**Directions:** Range to copy from the entries below: the line containing "Weider E8000 - Component" through the line containing "Set praktik aksesorësh", inclusive. Retype only those lines, exactly, without any images.

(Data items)
Content starts

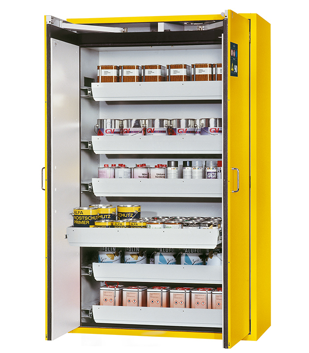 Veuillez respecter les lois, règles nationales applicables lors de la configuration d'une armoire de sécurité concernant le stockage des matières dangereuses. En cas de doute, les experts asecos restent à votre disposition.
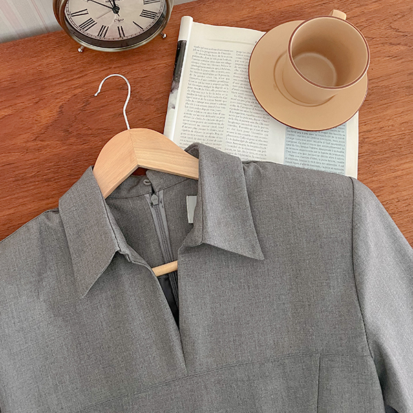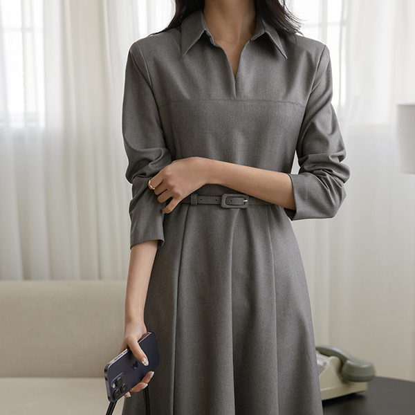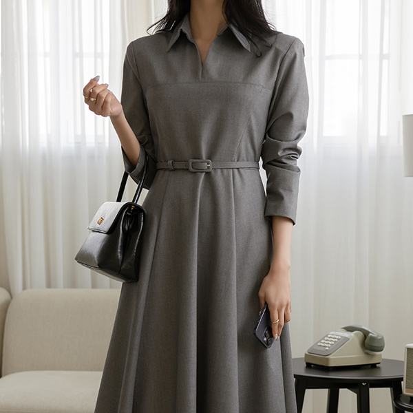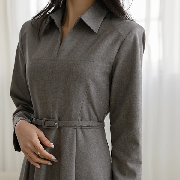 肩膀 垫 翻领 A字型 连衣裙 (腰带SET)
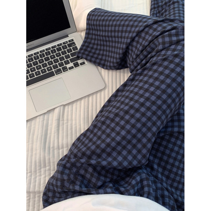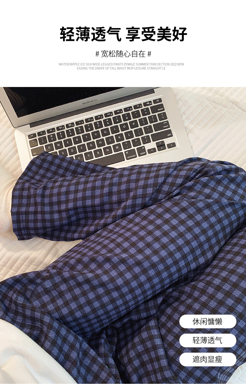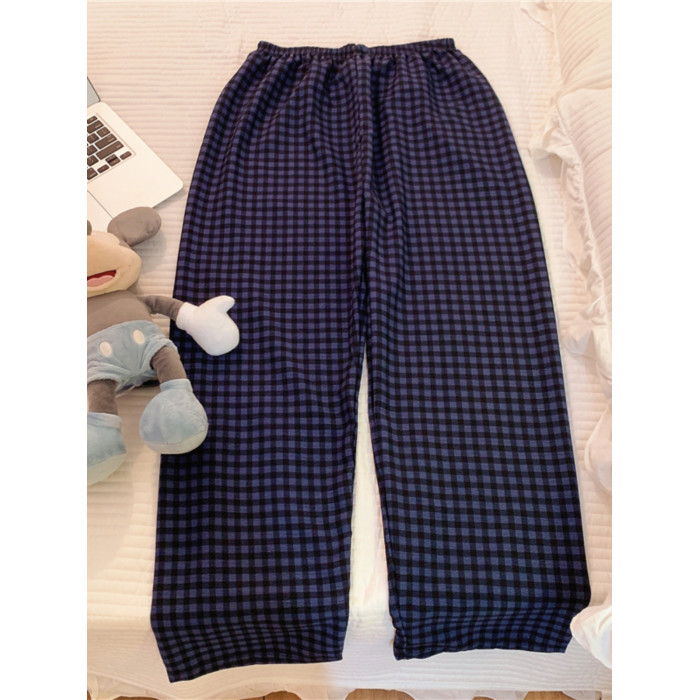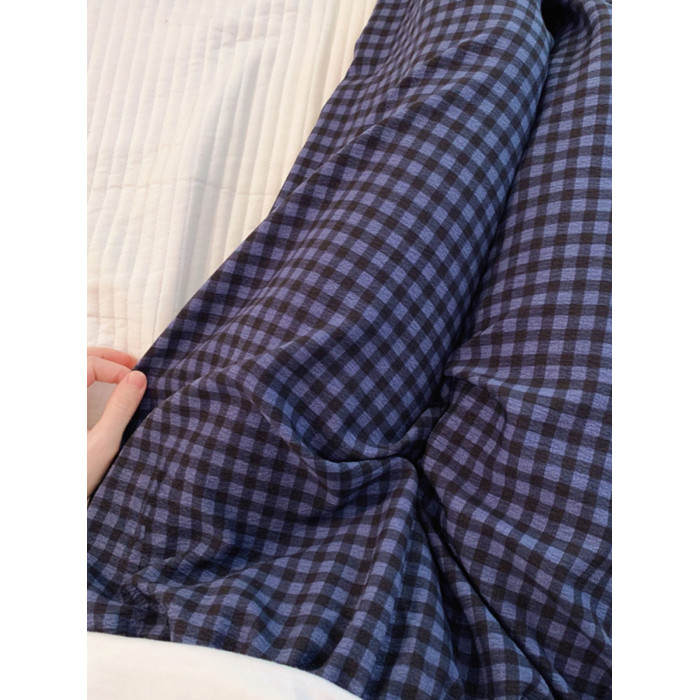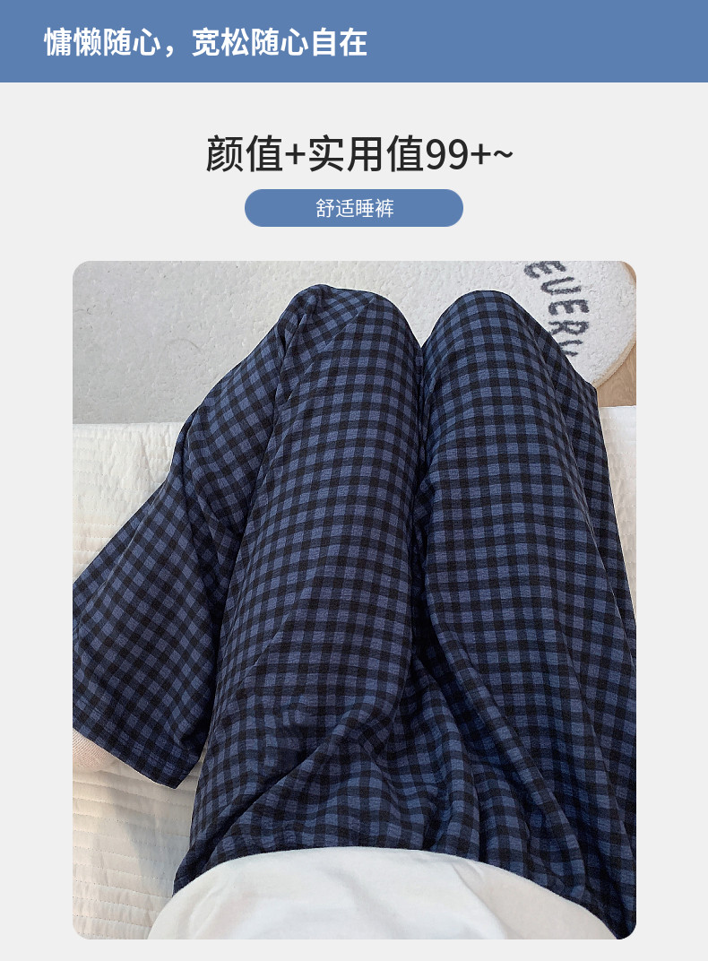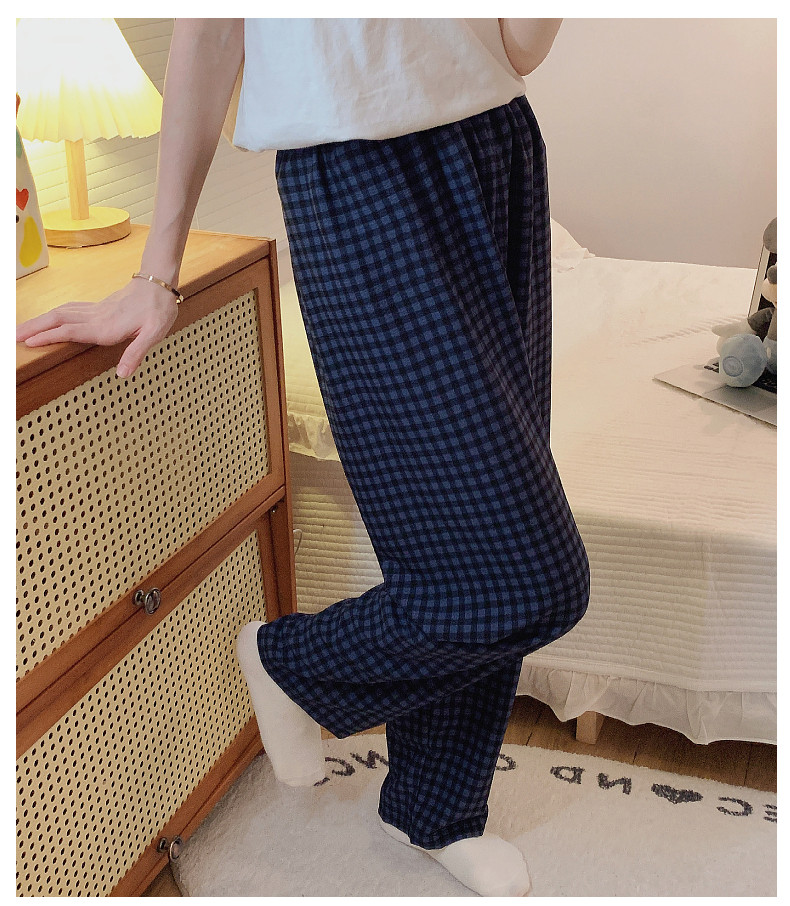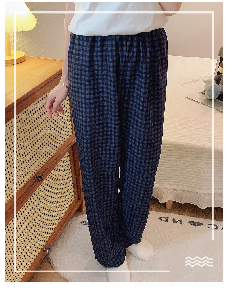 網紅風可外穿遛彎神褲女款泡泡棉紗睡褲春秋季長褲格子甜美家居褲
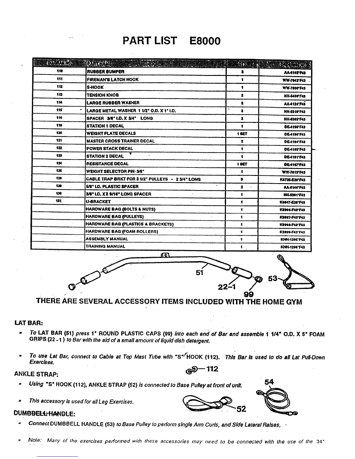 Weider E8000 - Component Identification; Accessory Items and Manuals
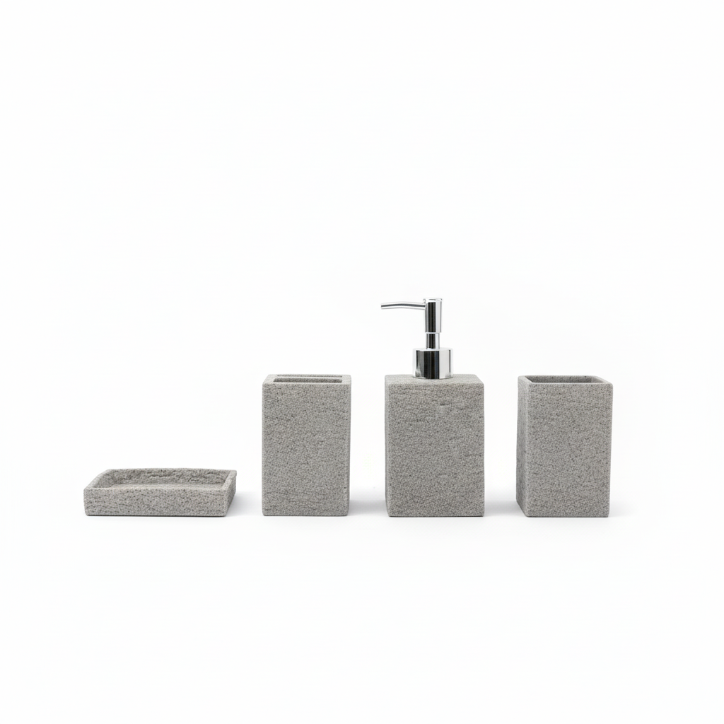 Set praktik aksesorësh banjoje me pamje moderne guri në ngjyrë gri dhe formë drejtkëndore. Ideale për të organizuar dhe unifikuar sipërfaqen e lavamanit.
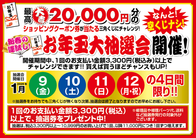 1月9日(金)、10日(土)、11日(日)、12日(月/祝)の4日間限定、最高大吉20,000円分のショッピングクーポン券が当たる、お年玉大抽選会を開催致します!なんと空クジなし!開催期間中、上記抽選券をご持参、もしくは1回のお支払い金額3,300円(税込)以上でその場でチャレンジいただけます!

Content ends

**Result for this task:**
 Weider E8000 - Component Identification; Accessory Items and Manuals
 Set praktik aksesorësh banjoje me pamje moderne guri në ngjyrë gri dhe formë drejtkëndore. Ideale për të organizuar dhe unifikuar sipërfaqen e lavamanit.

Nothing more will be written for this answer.